The sheriff gave Hyram a look of annoyance. He didn’t like Hy giving his theories to anyone but him and he certainly didn’t like him giving them in front of a witness. He didn’t want Pete latching on to his theory.
He wanted to know what Pete remembered.
“Do you know who killed your folks?”
Ever so slightly, Pete withdrew. He shook his head no.
“One last thing.
Your sister says that Blake Warner is your uncle. Is that true?”
Pete looked at the sheriff. He knew what Lolly wanted him to say. She had been jabbering nonstop about Uncle Blake this and Uncle Blake that since he woke up. For all he knew
, the man
was
an enemy of the Confederacy.
It wasn’t just guilt over not saving Anna that made him give in to her wishes. He nodded his head.
Blake sat on the floor of his cell and Lolly sat on the floor just outside the bars. As he’d finished his lunch fifteen minutes earlier, Lolly walked through the door.
“And then what happened?” Blake prompted. “Did the skunk spray Pete?”
“Nah, Petey ran away fast as a jack rabbit. I just laughed and called him a scaredy-cat.”
“I would have run, too,” Blake admitted. “Sometimes you have to know when to fight and when to run.”
Blake looked up when the sheriff and deputy entered the jailhouse. He knew they had gone to speak with Pete and he would contradict Lolly’s assertion that he was their uncle.
Blake rose to his feet and brushed off the seat of his pants. His actions were mirrored by the little girl.

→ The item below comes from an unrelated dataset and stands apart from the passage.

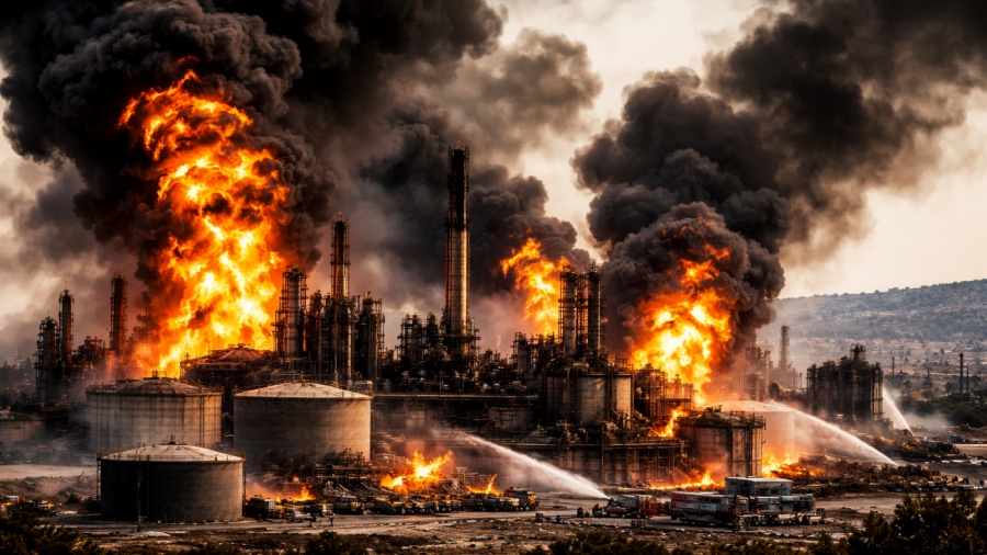 Οπτικό υλικό που διαμοιράζεται ευρέως στο διαδίκτυο δείχνει φλόγες να… καταπίνουν μια τεράστια δεξαμενή αποθήκευσης στο διυλιστήριο πετρελαίου Bazan, με πυκνό μαύρο καπνό να υψώνεται στον ουρανό.
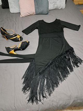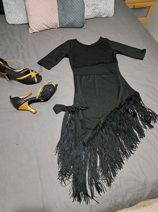 Vestido de 140 cm para niñas de cinco a siete años color negro y zapatos de salón 34. Se vende junto o por separado, zapatos 15y vestido 10,todo junto 22.

“Lolly, I bet Pete is wondering where you are. Can you find your way back alone or do you need someone to take you?”
“Uncle Blake,” she said in a slight whine. “I’m not a baby.”
Blake
disagreed. Lolly wasn’t even school-aged yet and it frustrated him that no one seemed to be watching her the way they should. He wondered if her caretaker even knew where to find her at that moment. She had shown up fifteen minutes earlier and no one had walked her there or shown up looking for her.
“Deputy, can you take Lolly back to her brother?”